REPUBLIKA.CO.ID, MOSUL -- Organisasi Hak Asasi Manusia menyebutkan warga sipil di Mosul, Irak tetap berisiko besar meski daerah tersebut telah dibebaskan dari ISIS. Oleh karena itu mereka mendesak pemerintah Irak untuk mengambil langkah-langkah untuk melindungi orang-orang yang tidak bersalah.
“Kengerian yang telah disaksikan orang-orang Mosul dan pengabaian terhadap kehidupan manusia oleh semua pihak dalam konflik ini tidak boleh (dibiarkan) tanpa hukuman,” kata direktur riset Amnesty International di Timur Tengah Lynn Maalouf, menurut The Guardian, Selasa (11/7).
“Banyak di antaranya masih terkubur di bawah reruntuhan hari ini.

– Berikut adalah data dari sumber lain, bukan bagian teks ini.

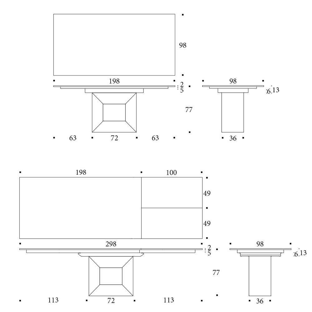 Notă: Sunt disponibile finisaje suplimentare pentru masa de bază. Este disponibilă și o masă fixă.
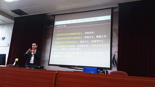 随后,曾玮教授做了《关于地理高考》的专题讲座,曾教授从五个方面对老师们展开了培训:一是如何理解全国卷普通高考的考试性质与改革方向,高考作为选拔性考试,必须具有一定区分度和难度,但系数保持稳定,改革方向将重点考察创新能力方面的内容;二是如何解读地理高考考核目标内容,必须结合背景材料、试题设问、试题分值等方面进行;三是如何分析全国卷地理高考高频考点,主要还是以主干知识为主,不回避热点和重叠考同一区域;四是二轮以后地理高考复习如何备考,认为一轮复习应注重面,打好基础关,二轮复习应建立知识联系,完善能力结构;五是如何训练地理高考答题技巧,应通过专题训练增强学生能力,不断总结方法,反思失误点,修正思维,提高得分能力。
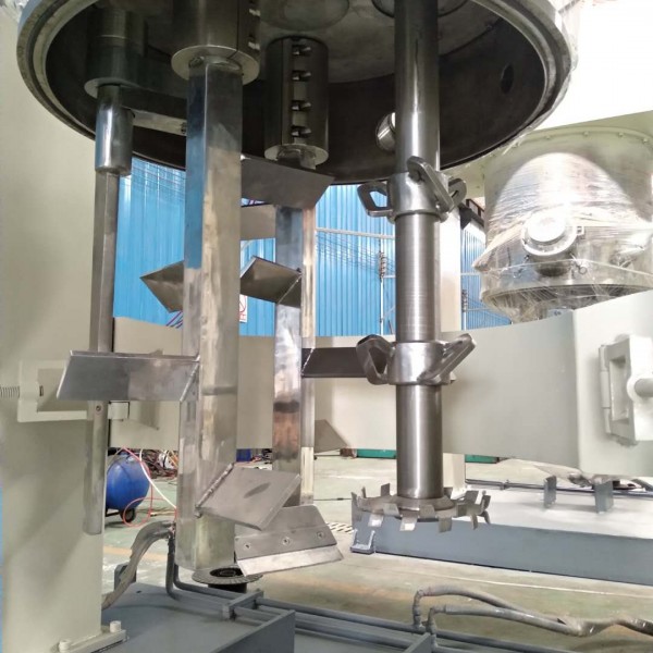 3.雙行星真空攪拌機釜體內壁為大型立車精加工,確保行星架上的活動刮刀在旋轉時,把釜體內壁上的物料完全掛掉;

Orang-orang Mosul pantas tahu, dari pemerintah mereka, bahwa akan ada keadilan dan pemulihan sehingga dampak mengerikan dari operasi ini ditangani dengan baik.”

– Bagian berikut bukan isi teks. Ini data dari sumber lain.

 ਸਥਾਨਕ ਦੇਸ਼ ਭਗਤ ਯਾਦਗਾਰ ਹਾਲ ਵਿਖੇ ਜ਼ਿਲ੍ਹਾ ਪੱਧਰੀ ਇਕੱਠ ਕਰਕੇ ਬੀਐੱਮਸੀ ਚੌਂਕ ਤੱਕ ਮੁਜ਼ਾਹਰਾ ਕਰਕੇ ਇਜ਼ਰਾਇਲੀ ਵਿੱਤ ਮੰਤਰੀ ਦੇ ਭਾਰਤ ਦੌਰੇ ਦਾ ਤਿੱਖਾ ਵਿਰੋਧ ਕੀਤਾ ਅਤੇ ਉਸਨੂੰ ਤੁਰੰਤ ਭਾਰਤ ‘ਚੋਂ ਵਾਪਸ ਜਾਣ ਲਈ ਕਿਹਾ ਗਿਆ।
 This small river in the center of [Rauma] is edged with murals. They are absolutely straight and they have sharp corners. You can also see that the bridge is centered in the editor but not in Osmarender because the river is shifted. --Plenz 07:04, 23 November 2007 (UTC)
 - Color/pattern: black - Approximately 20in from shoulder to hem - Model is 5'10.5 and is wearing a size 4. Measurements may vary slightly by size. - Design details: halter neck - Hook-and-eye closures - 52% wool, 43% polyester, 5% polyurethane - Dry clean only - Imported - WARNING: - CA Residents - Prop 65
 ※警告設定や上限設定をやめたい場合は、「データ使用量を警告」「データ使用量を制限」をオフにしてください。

Tentara Irak telah berjuang untuk merebut kembali wilayah yang dikuasai ISIS tersebut. Di sana, pemimpin kelompok ekstremis Abu Bakr al-Baghdadi memproklamasikan kekhalifahannya tiga tahun lalu.

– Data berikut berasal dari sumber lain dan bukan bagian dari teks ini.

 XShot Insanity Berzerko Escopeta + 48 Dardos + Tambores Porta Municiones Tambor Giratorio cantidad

Perdana Menteri Irak Haidar al-Abadi mengumumkan kemenangan di Mosul pada Ahad waktu setempat. Pada Senin Abadi mengatakan, kemenangan tersebut menandai kegagalan dan runtuhnya negara teroris. Kekalahan tersebut membuat ISIS tidak memiliki benteng besar di Irak.
Dengan pembebasan Mosul, telah memfokuskan kembali perhatian pada penderitaan warga sipil kota tersebut, ribuan di antaranya sekarang mengungsi dan kemungkinan akan tetap menjadi pengungai internal selama berbulan-bulan sementara kota ini dibangun kembali.
Pada perang di musim panas yang terik di Irak, militan telah menggunakan perisai manusia dalam usaha mereka untuk melawan kemajuan militer.